▶ _What you are asked to do_:
Print every entry below again exactly as written, skipping the pictures.

▶ _Material for this exercise_:
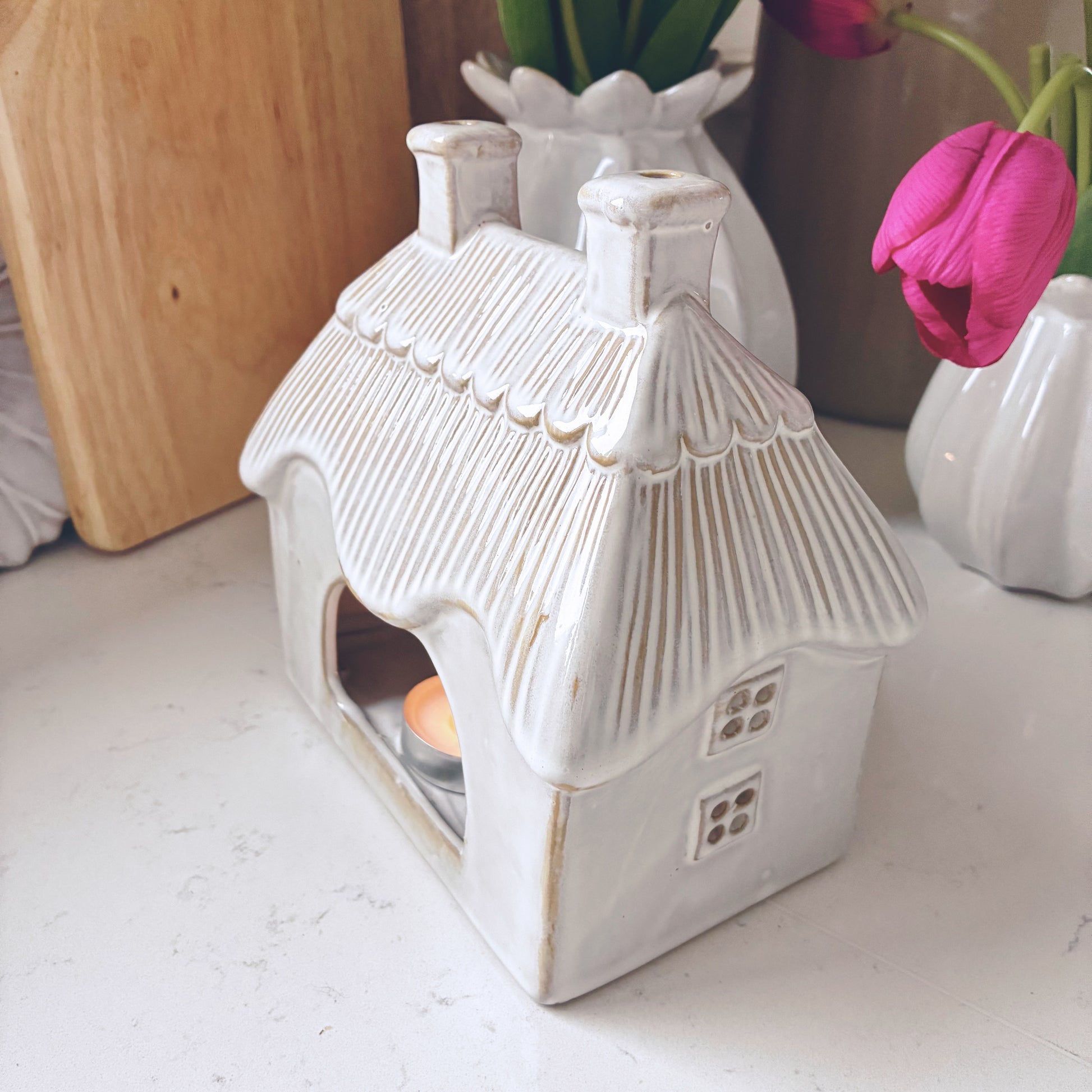 Add a soft glow to your space with this ceramic floral tea light house. Beautifully crafted with delicate floral detailing, it gently diffuses candlelight through its cut-out design to create a warm, inviting atmosphere. Perfect for shelves, side tables, or spring styling, this decorative piece brings charm and comfort to any room.
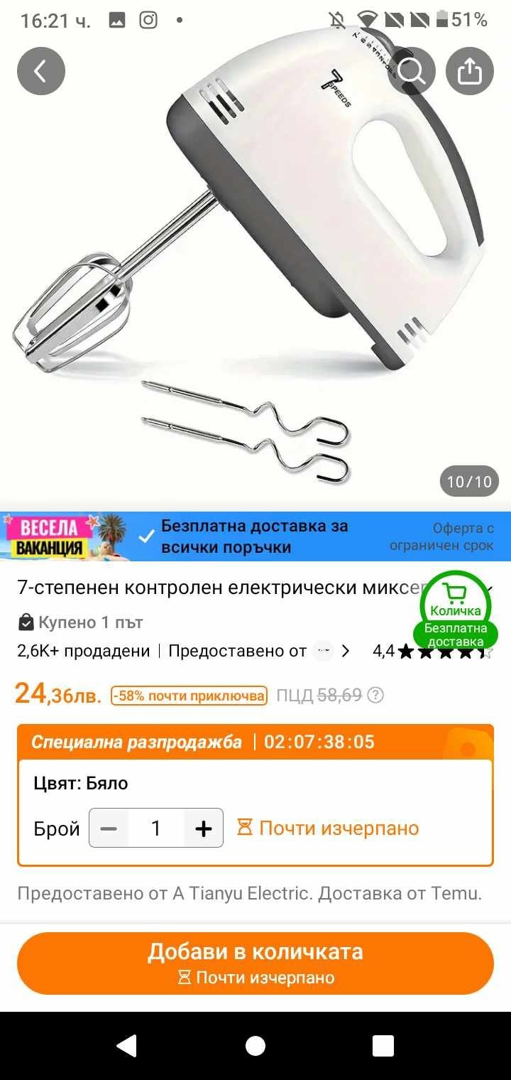 Имам 2 профила - мой и на мъжа ми. В моя профил ме спукват от оферти всеки ден - къде супер изгодни, къде - не толкова, къде хич Simple Smile Мъжът ми не получава абсолютно никакви оферти. Вероятно при регистрацията съм чекнала нещо, за да не получава оферти. Споделям само някои от нещата, които съм купила на много изгодна цена след оферта от Тему. Миксерът ми го намалиха почти веднага, когато го сложих в кошницата.
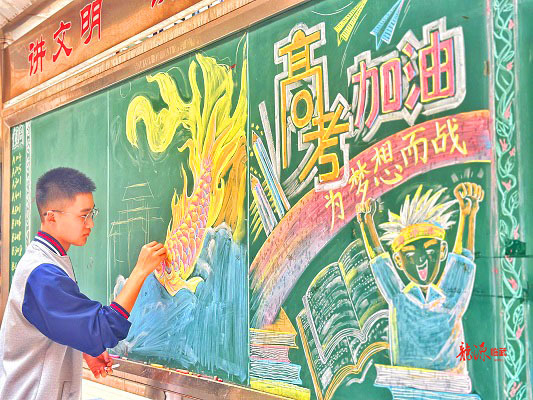 当天,该校政务处组织一批书画特长生志愿者,连日策划构思,以笔传情、用画达意,并赶在这个特殊的日子里,用实际行动“表白”高三的学长学姐们,以新鲜出炉的高考特刊为高三学子亮剑高考摇旗助威,盼“出征”少年凯旋举目守望,为校园留下独属于青春的小美满。
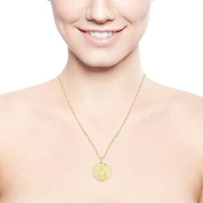 A VL traz nesse colar unissex, uma linda medalha frente e verso com a Nossa Sra. Aparecida e uma Cruz junto à uma corrente de elos estilo cartier. Sua medalha foi desenvolvida com detalhes minimalistas e textura ao fundo, com acabamento refinado e revestimento em Ouro, que garante beleza e sofisticação à essa joia.
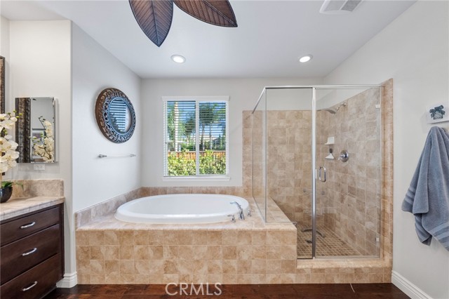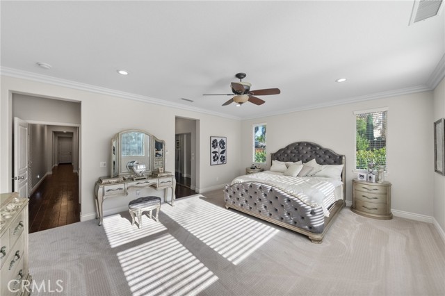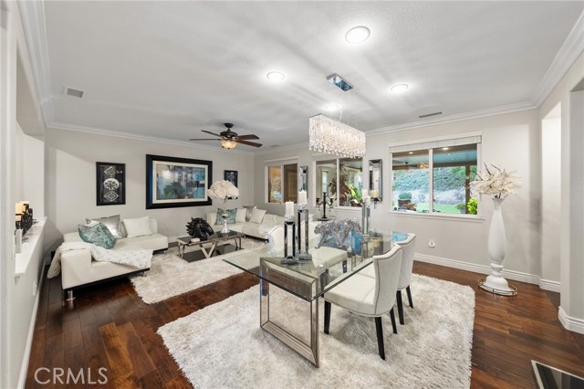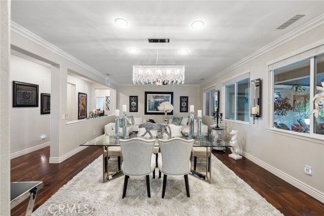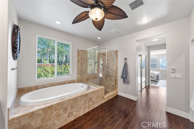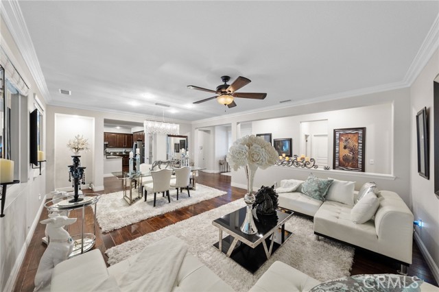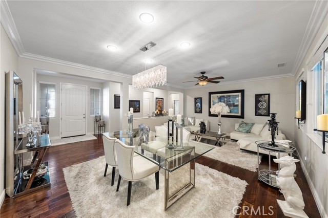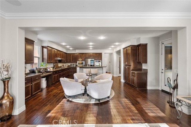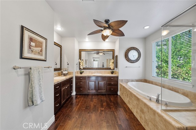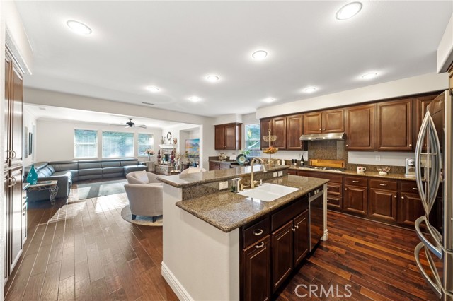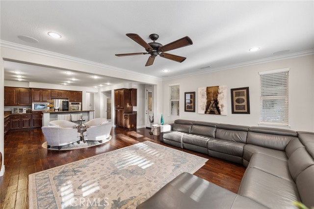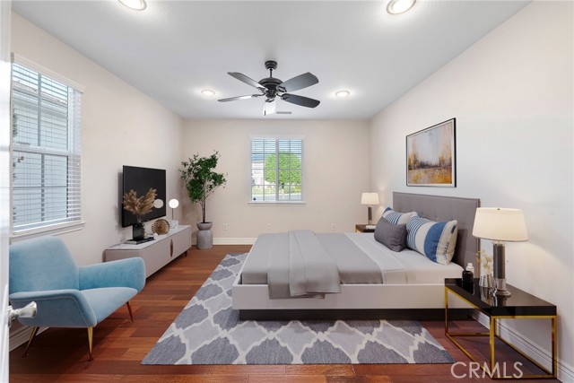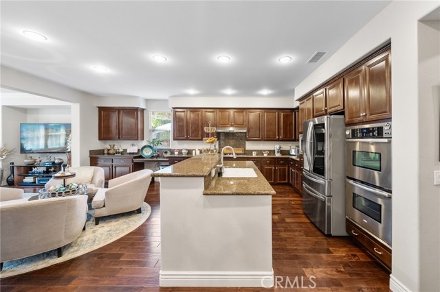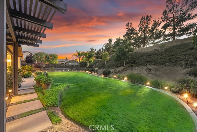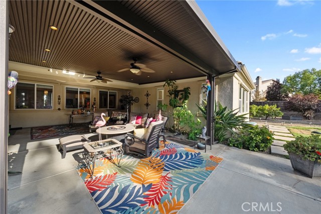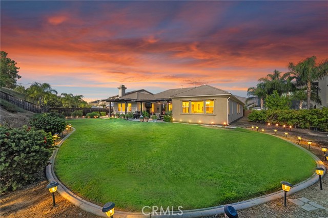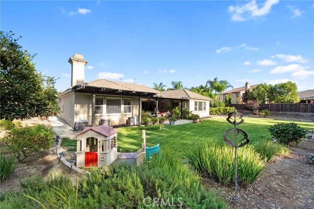 Welcome to a gorgeous, turn key single story home on an oversized lot in the desirable community of Heritage Lake. Step inside to discover the open concept living room and dining room offering an abundance of entertaining space. The gorgeous eat in kitchen aims to please with a large center island showcasing granite counter tops and plenty of cabinet space, which is adjacent to the family room featuring built in surround sound and a cozy gas fireplace. The four bedrooms are configured with ceiling fans, can lights and provide plenty of natural light, while the two full bathrooms include dual vanities, showers, and bath tubs. Additional features include a half bathroom and dedicated laundry room with separate two car and one car garages. Venture out back and explore a private, sprawling backyard consisting of a large covered patio with ceiling fans and can lights, a fire pit plumbed into the home's natural gas, a water fountain, a large lawn, and your own producing vineyard and fruit trees. Conveniently located minutes from the I-215 freeway as well as an abundance of shopping and dining with schools in the neighborhood, just about everything you need is a short distance away. Residents of this beautiful neighborhood can take advantage of the numerous walking paths and sports facilities, as well as the community pool, splash pad and club house. Seize the opportunity to make this beautifully maintained home your own and schedule your private showing today!

▶ _Task response_:
 Add a soft glow to your space with this ceramic floral tea light house. Beautifully crafted with delicate floral detailing, it gently diffuses candlelight through its cut-out design to create a warm, inviting atmosphere. Perfect for shelves, side tables, or spring styling, this decorative piece brings charm and comfort to any room.
 Имам 2 профила - мой и на мъжа ми. В моя профил ме спукват от оферти всеки ден - къде супер изгодни, къде - не толкова, къде хич Simple Smile Мъжът ми не получава абсолютно никакви оферти. Вероятно при регистрацията съм чекнала нещо, за да не получава оферти. Споделям само някои от нещата, които съм купила на много изгодна цена след оферта от Тему. Миксерът ми го намалиха почти веднага, когато го сложих в кошницата.
 当天,该校政务处组织一批书画特长生志愿者,连日策划构思,以笔传情、用画达意,并赶在这个特殊的日子里,用实际行动“表白”高三的学长学姐们,以新鲜出炉的高考特刊为高三学子亮剑高考摇旗助威,盼“出征”少年凯旋举目守望,为校园留下独属于青春的小美满。
 A VL traz nesse colar unissex, uma linda medalha frente e verso com a Nossa Sra. Aparecida e uma Cruz junto à uma corrente de elos estilo cartier. Sua medalha foi desenvolvida com detalhes minimalistas e textura ao fundo, com acabamento refinado e revestimento em Ouro, que garante beleza e sofisticação à essa joia.
 Welcome to a gorgeous, turn key single story home on an oversized lot in the desirable community of Heritage Lake. Step inside to discover the open concept living room and dining room offering an abundance of entertaining space. The gorgeous eat in kitchen aims to please with a large center island showcasing granite counter tops and plenty of cabinet space, which is adjacent to the family room featuring built in surround sound and a cozy gas fireplace. The four bedrooms are configured with ceiling fans, can lights and provide plenty of natural light, while the two full bathrooms include dual vanities, showers, and bath tubs. Additional features include a half bathroom and dedicated laundry room with separate two car and one car garages. Venture out back and explore a private, sprawling backyard consisting of a large covered patio with ceiling fans and can lights, a fire pit plumbed into the home's natural gas, a water fountain, a large lawn, and your own producing vineyard and fruit trees. Conveniently located minutes from the I-215 freeway as well as an abundance of shopping and dining with schools in the neighborhood, just about everything you need is a short distance away. Residents of this beautiful neighborhood can take advantage of the numerous walking paths and sports facilities, as well as the community pool, splash pad and club house. Seize the opportunity to make this beautifully maintained home your own and schedule your private showing today!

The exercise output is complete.